Death Toll Soars, Silence Deepens:
Since October 2023, more than 100,000 Palestinians have been killed in Gaza, according to the Ministry of Health, most of them women and children. The civilian death toll from Israel’s military campaign has drawn global condemnation, but action remains absent.
“This is no longer retaliation. It’s extermination by siege,” a senior UN official told The Guardian, requesting anonymity. “And the world is watching, complicit through silence.”
Back in Gaza, the last of the generators is going dark. Water is drying up. Emergency rooms have become morgues.
“We are running out of time,” said Dr. Al-Hams. “We begged the world not to let this happen. They chose to look away.”
Conclusion: Siege As Strategy, Silence As Complicity.

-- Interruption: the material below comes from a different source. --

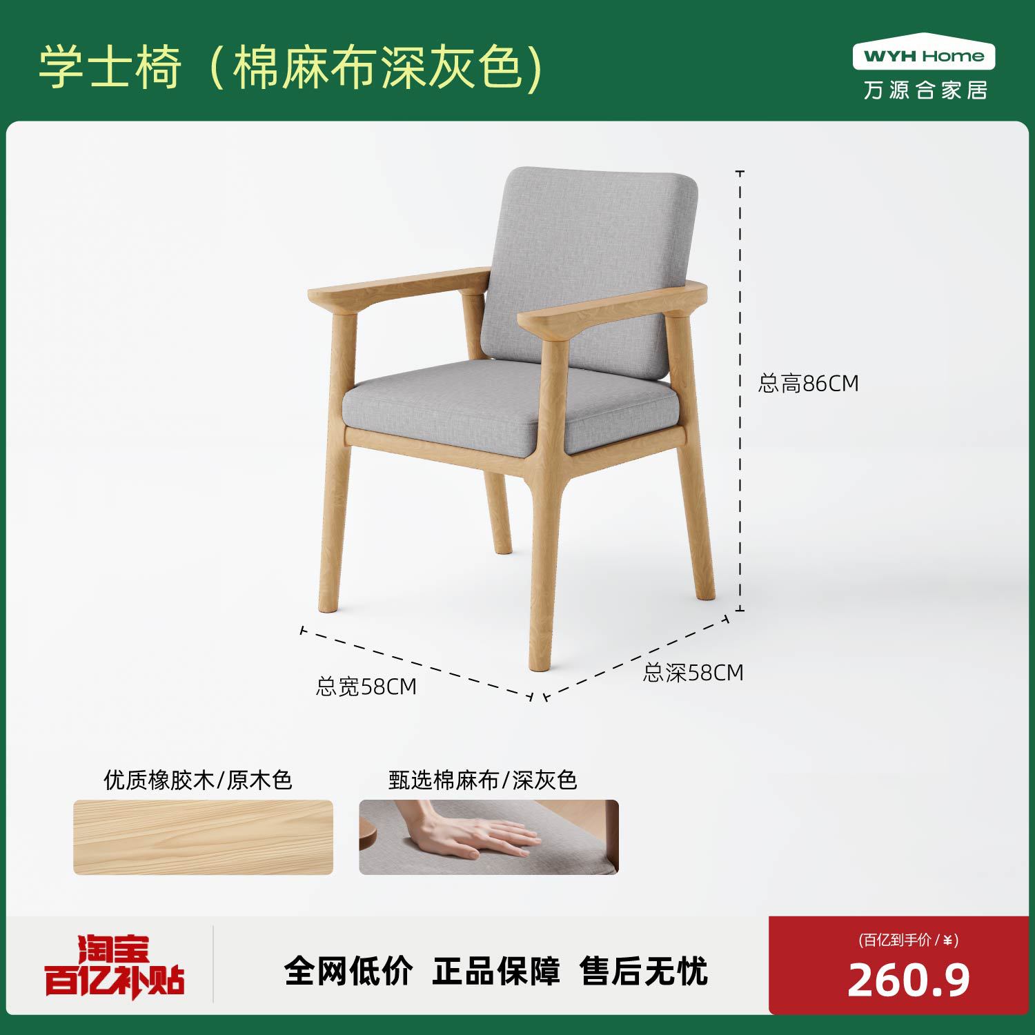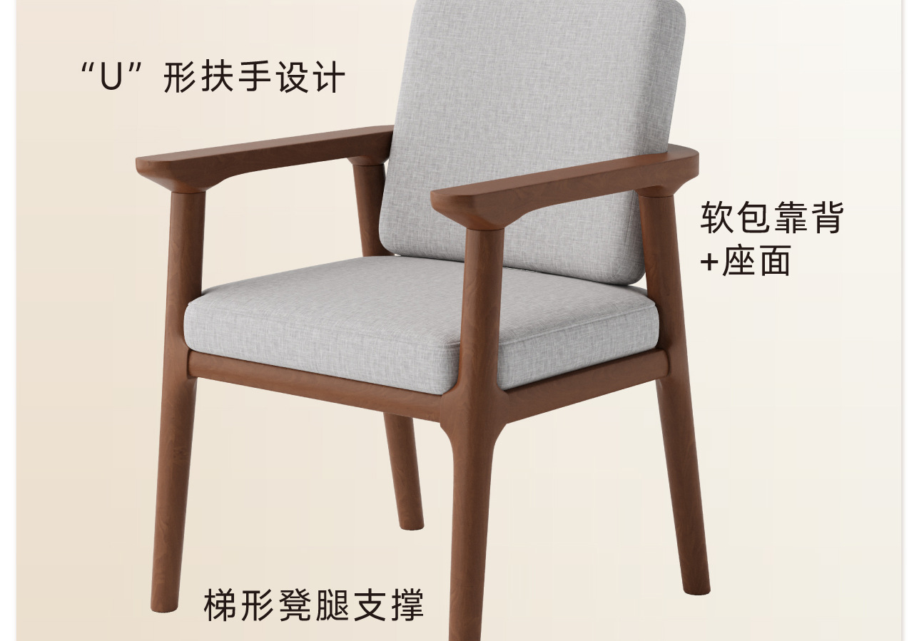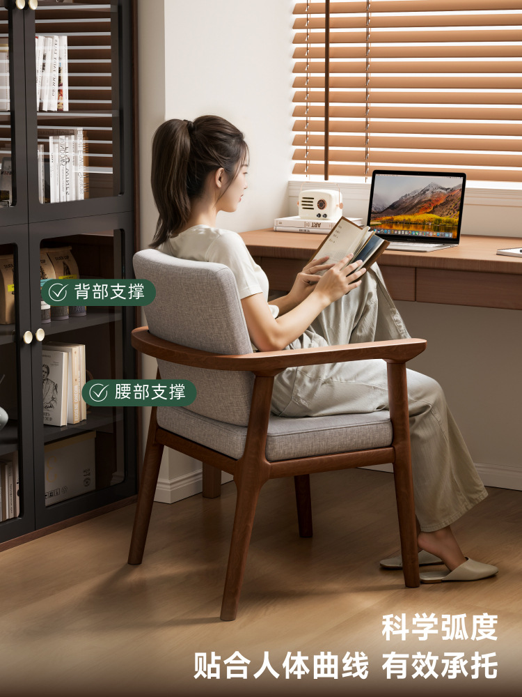 实木椅子家用餐椅扶手靠背椅座椅书房书桌椅胡桃木中式茶椅学士椅
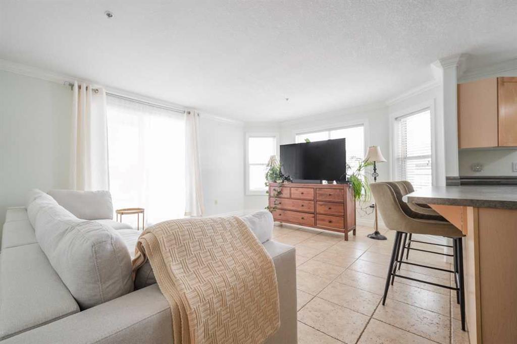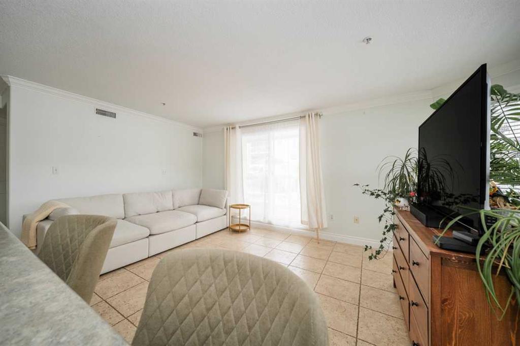 What truly sets this unit apart is the wraparound patio. Accessible from both the living room and the bedroom, it creates a generous outdoor extension of the home that is perfect for morning coffee or unwinding in the evening. Being on the ground floor also means easy access, and the conveniently located above-ground parking stall sits right beside the patio, making unloading groceries or gear quick and simple.

What is unfolding in Gaza is not a natural disaster, nor an unfortunate byproduct of war. It is a manufactured collapse, engineered through deliberate policy choices and sustained by global indifference. Israel’s blockade on fuel, enforced with surgical precision, has crippled hospitals, poisoned water supplies, paralysed emergency response, and condemned thousands to die not by bullet or bomb, but by thirst, sepsis, and suffocation.
This is not just a war on Hamas, it is a war on civilian life itself.

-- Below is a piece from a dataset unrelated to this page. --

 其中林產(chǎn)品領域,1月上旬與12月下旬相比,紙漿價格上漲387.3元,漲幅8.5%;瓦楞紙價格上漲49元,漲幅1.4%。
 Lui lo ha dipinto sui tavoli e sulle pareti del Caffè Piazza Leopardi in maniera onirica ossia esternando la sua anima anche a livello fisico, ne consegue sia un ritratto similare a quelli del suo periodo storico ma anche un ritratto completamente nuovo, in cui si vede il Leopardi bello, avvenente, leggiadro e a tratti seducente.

Legal experts are increasingly framing the blockade and its consequences as part of a broader strategy of forced displacement and population destruction, potentially amounting to genocide. “We are past the threshold of plausible deniability,” said Michael Lynk, former UN Special Rapporteur on human rights in the occupied Palestinian territories. “The denial of essential services to an entire people is not collateral, it is calculated.”
But while Israel carries out this slow strangulation, the international community has responded with paralysis. Ceasefire talks drag on. Western governments, particularly the United States and the UK, continue to back Israel diplomatically and militarily, even as their own aid agencies warn of famine and public health catastrophe.
“The horror is known, the evidence is there, the deaths are mounting, and still, nothing,” said Jan Egeland, head of the Norwegian Refugee Council. “When history asks what was done in Gaza, many will answer: we watched.”
This is no longer about aid corridors or diplomatic statements. It is about political will and moral clarity. Either the world acts to end this siege, or it becomes a participant in it.
The people of Gaza are not dying from war alone. They are dying from a system of engineered neglect, deliberate denial, and global silence. And unless that silence is broken, their extermination will not only continue, it will be legitimised.